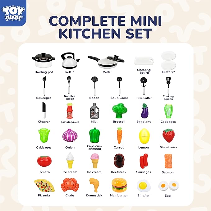 - 🥘 Complete Kids Kitchen Accessories Set - Various of cooking toys include play kitchen pots and pans kettle and different cookware utensils. In this upgraded kitchen set for kids, we also added some seasoning like ketchup, tomato sauce, and chocolate milk sauce to add more fun for cooking pretend play. Moreover, these kitchen toys also come with play kitchen food with different vegetables, fruits, fast foods, seafood, and dessert!!!
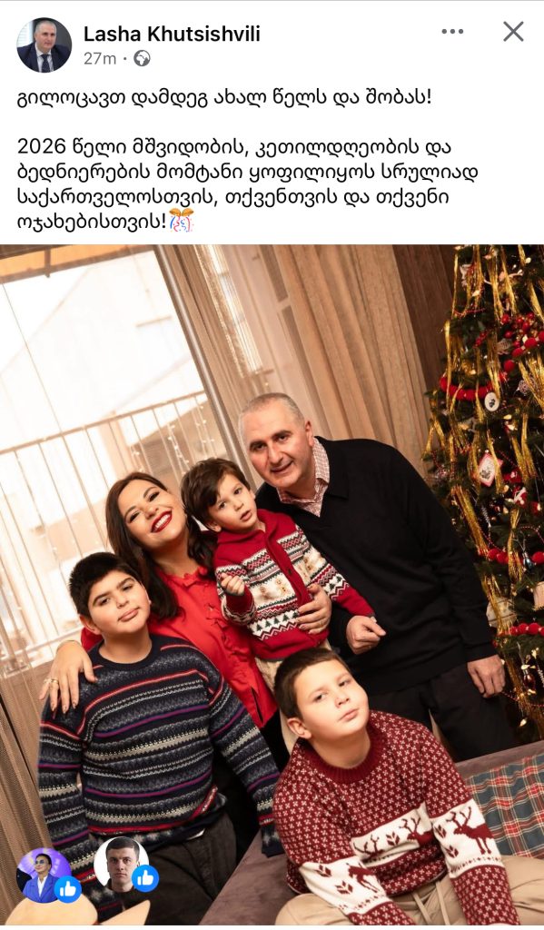 პოლიტიკა “2026 წელი მშვიდობის, კეთილდღეობის და ბედნიერების მომტანი ყოფილიყოს სრულიად საქართველოსთვის” 31.12.2025 19:46:17 ShareTweetSharePin ფინანსთა მინისტრი ლაშა ხუციშვილი მოსახლეობას ახალ წელს ულოცავს. “გილოცავთ დამდეგ ახალ წელს და შობას! 2026 წელი მშვიდობის, კეთილდღეობის და ბედნიერების მომტანი ყოფილიყოს სრულიად საქართველოსთვის, თქვენთვის და თქვენი ოჯახებისთვის!🎊” კომენტარები ShareTweetSharePin ნანახია: 6 ჯერ
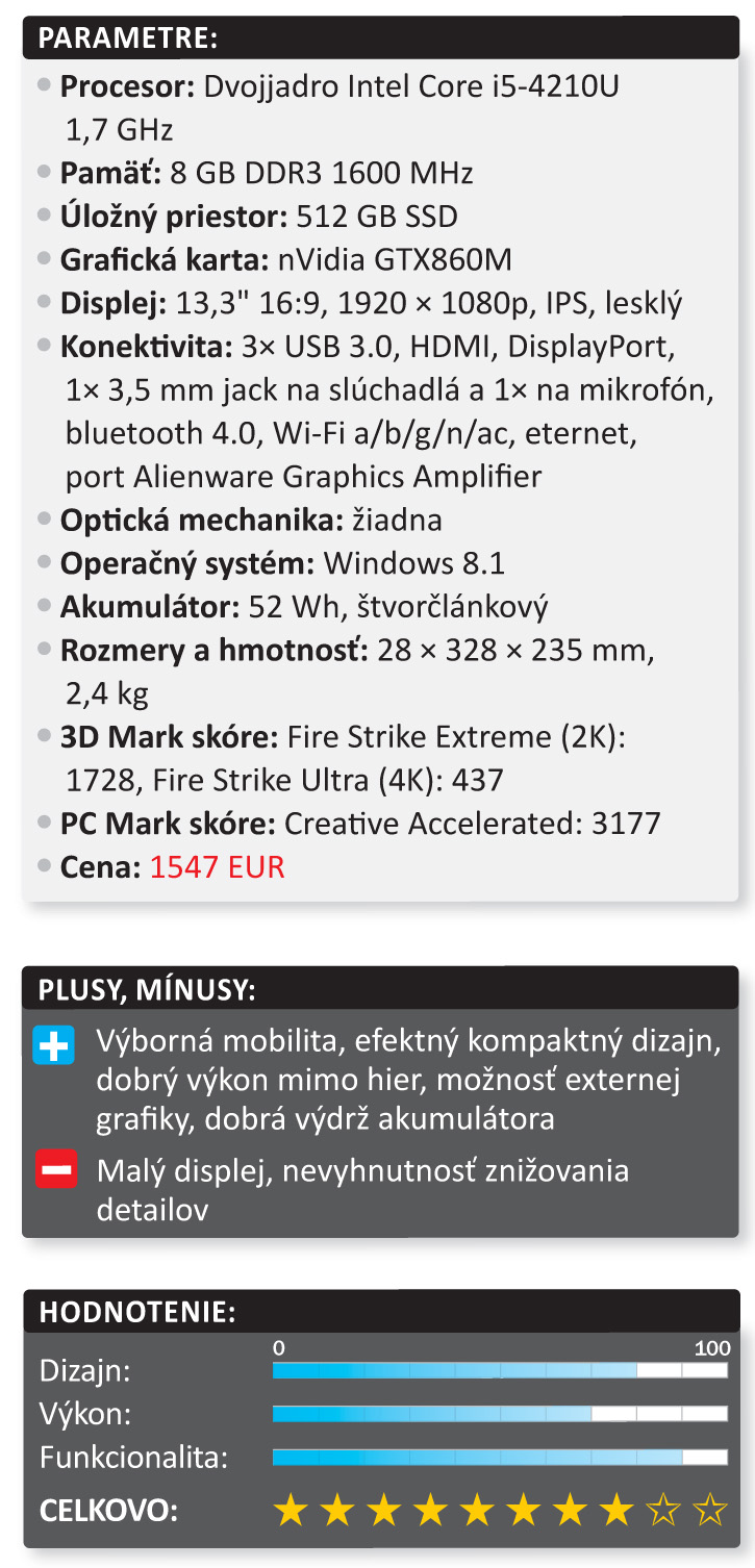 Model Alienware 13 existuje v množstve rôznych variantov, a tak si ho možno jemne dolaďovať podľa vlastných požiadaviek. Vo vyhotovení, v ktorom sme ho testovali, postačí na prevádzkovanie najnovších hier približne na stredných detailoch. Bez „steroidov“ v podobe Graphics Amplifiera je určený menej náročnému hráčovi alebo tomu, ktorý potrebuje čo najvyššiu mobilitu. Vedľajší účinok dobrého výkonu je veľké pohodlie v činnosti mimo hernej sféry, spôsobené hlavne veľkým a rýchlym SSD. Jediný výrazný, no kompenzovateľný nedostatok je malý displej.
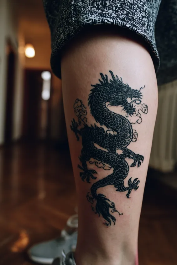 This large black dragon wraps across the upper thigh of a woman, with intricate scale work and heavy shading that gives it depth and movement. The dragon’s body curves with the natural shape of the leg, creating a flattering and dynamic composition. The size makes it a true statement piece.
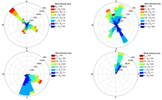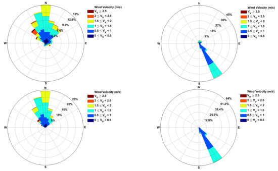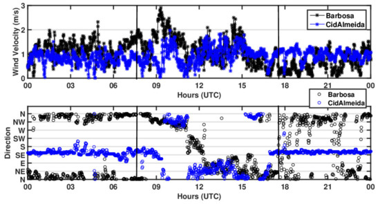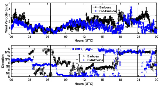 The same data represented in Figure 14 can be seen in Figure 15 for the same day, but in wind rose format. The first two wind roses (top panel) show the full day while the next two (bottom panel) only show the period of land breeze occurrences. The total 17 h, in the lower panel, are clearly marked with opposite wind directions, NNW in Barbosa and SSE in Cid Almeida station. In the upper panel a greater scatter of wind direction is visible in Barbosa, already mentioned above.
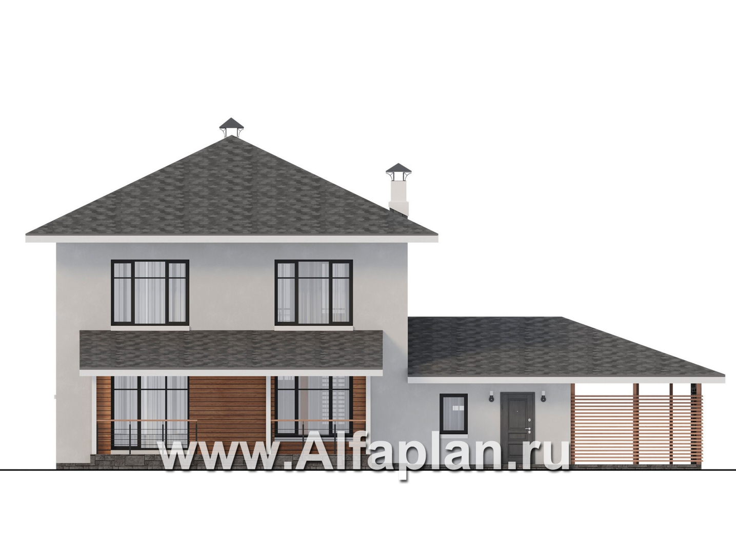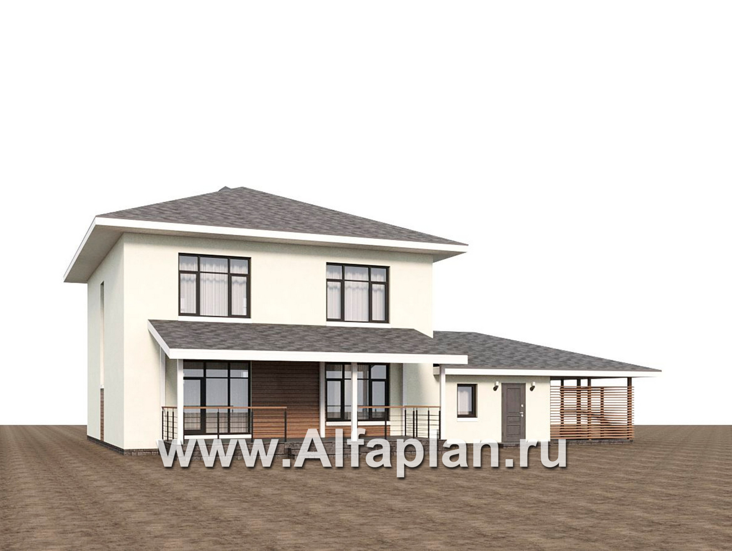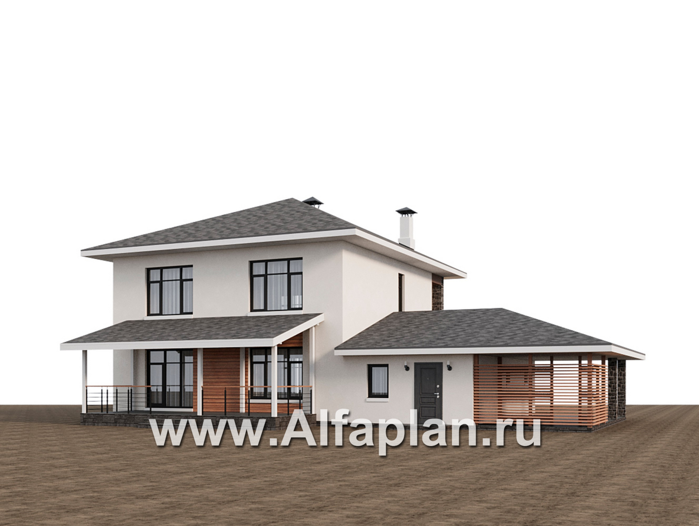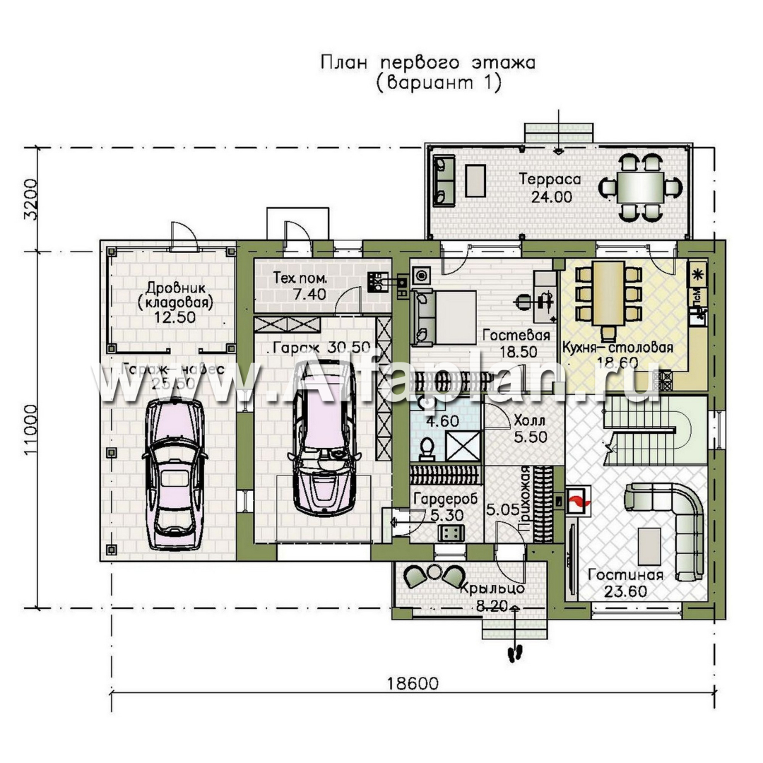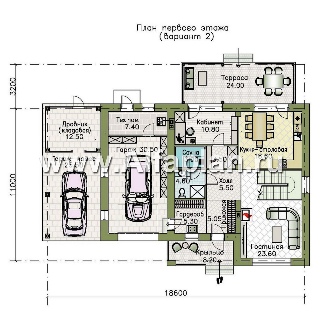 «Ладога» - проект двухэтажного дома из газобетона, в современном стиле, с террасой, планировка с гаражом
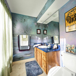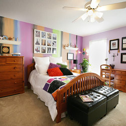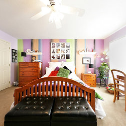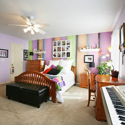 Beautiful multi-colored walls make this teen's bedroom super funky and unique.
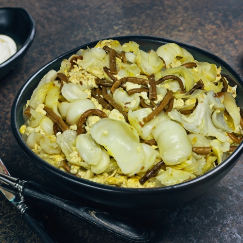 ゆり根ぜんまいキャベツ豆腐土佐ゆづ胡椒梅ポン酢炒め
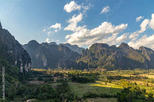 Countryside with farmland and karst mountains in the Vang Vieng. Vang Vieng, Vientiane Province, Laos
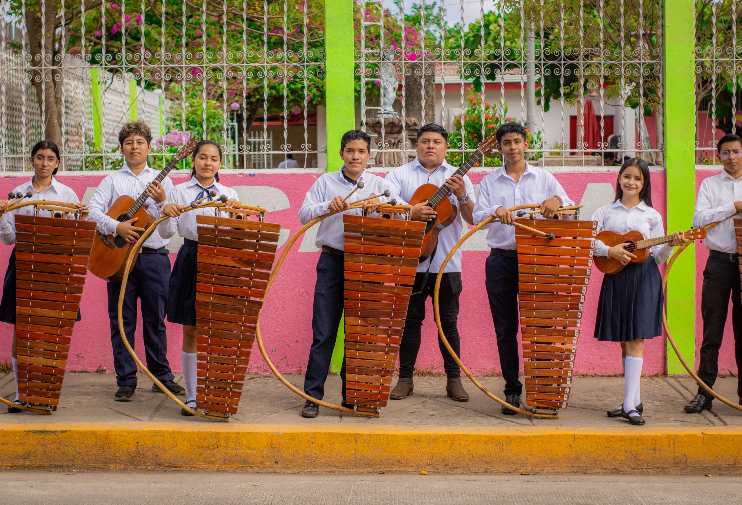 Al llegar al Parque Central, la comunidad educativa disfrutó de un solemne concierto de la Rondalla Estudiantil de Marimba del municipio, quienes dieron muestra de sus habilidades artísticas con la interpretación de: Flor de pino, Solar de Monimbó, Aquella indita y Nicaragua Mía.
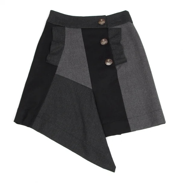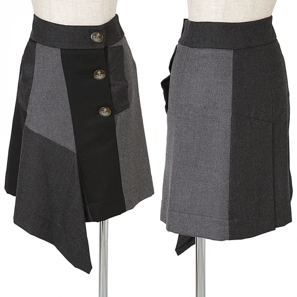 ヴィヴィアンウエストウッド レッドレーベルVivienne Westwood Red Label 切替アシンメトリースカート 黒チャコールグレー1
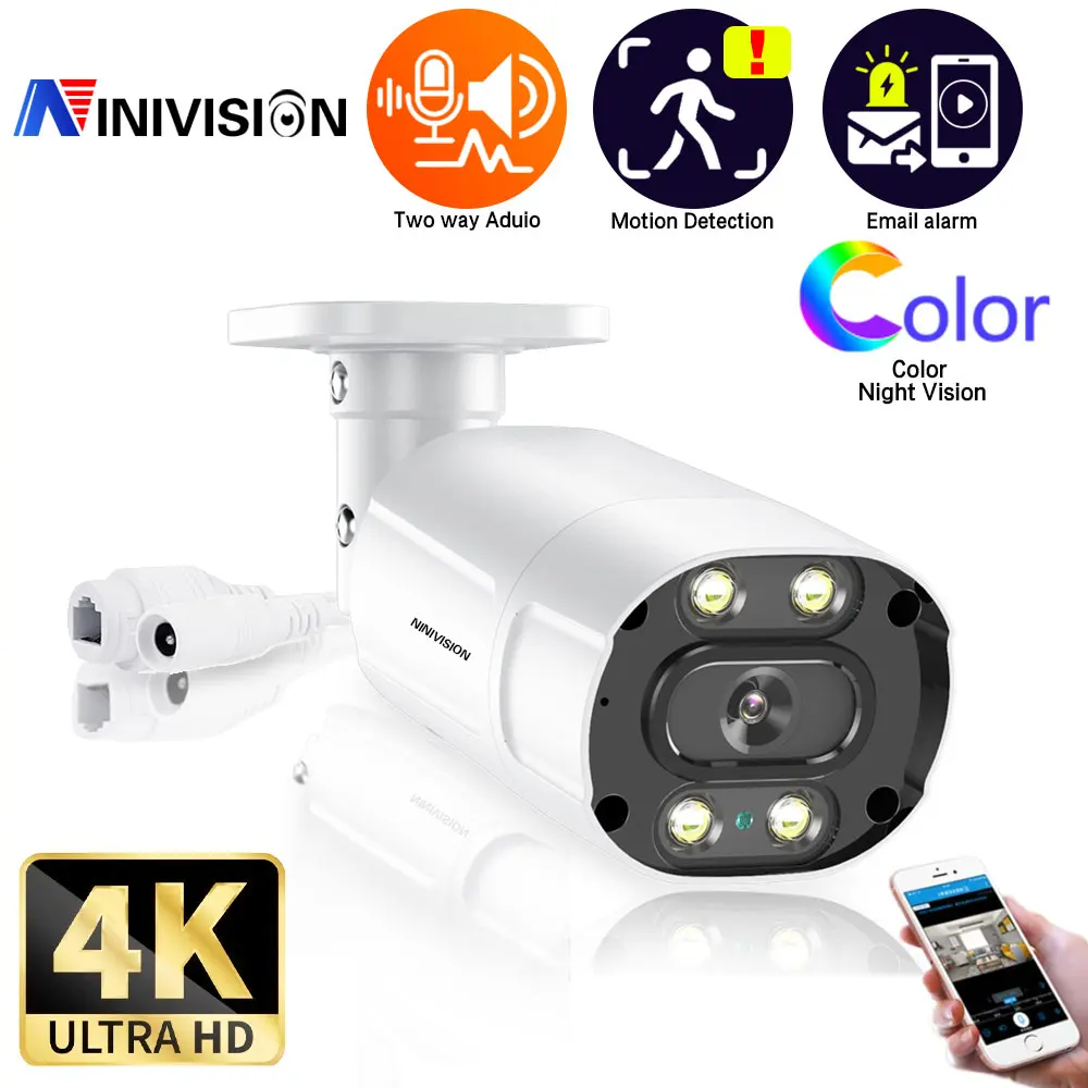 Совместимая камера видеонаблюдения 4K Color Vu IP, 247 часов полноцветное ночное видение, 8 Мп, двусторонняя аудиосвязь, POE, уличная камера IP66 IPC

---------------

## Exercise description:
Pictures excluded, repeat the material above from its first line through the line containing "ნანახია: 6 ჯერ", both included.

## Exercise result:
 - 🥘 Complete Kids Kitchen Accessories Set - Various of cooking toys include play kitchen pots and pans kettle and different cookware utensils. In this upgraded kitchen set for kids, we also added some seasoning like ketchup, tomato sauce, and chocolate milk sauce to add more fun for cooking pretend play. Moreover, these kitchen toys also come with play kitchen food with different vegetables, fruits, fast foods, seafood, and dessert!!!
 პოლიტიკა “2026 წელი მშვიდობის, კეთილდღეობის და ბედნიერების მომტანი ყოფილიყოს სრულიად საქართველოსთვის” 31.12.2025 19:46:17 ShareTweetSharePin ფინანსთა მინისტრი ლაშა ხუციშვილი მოსახლეობას ახალ წელს ულოცავს. “გილოცავთ დამდეგ ახალ წელს და შობას! 2026 წელი მშვიდობის, კეთილდღეობის და ბედნიერების მომტანი ყოფილიყოს სრულიად საქართველოსთვის, თქვენთვის და თქვენი ოჯახებისთვის!🎊” კომენტარები ShareTweetSharePin ნანახია: 6 ჯერ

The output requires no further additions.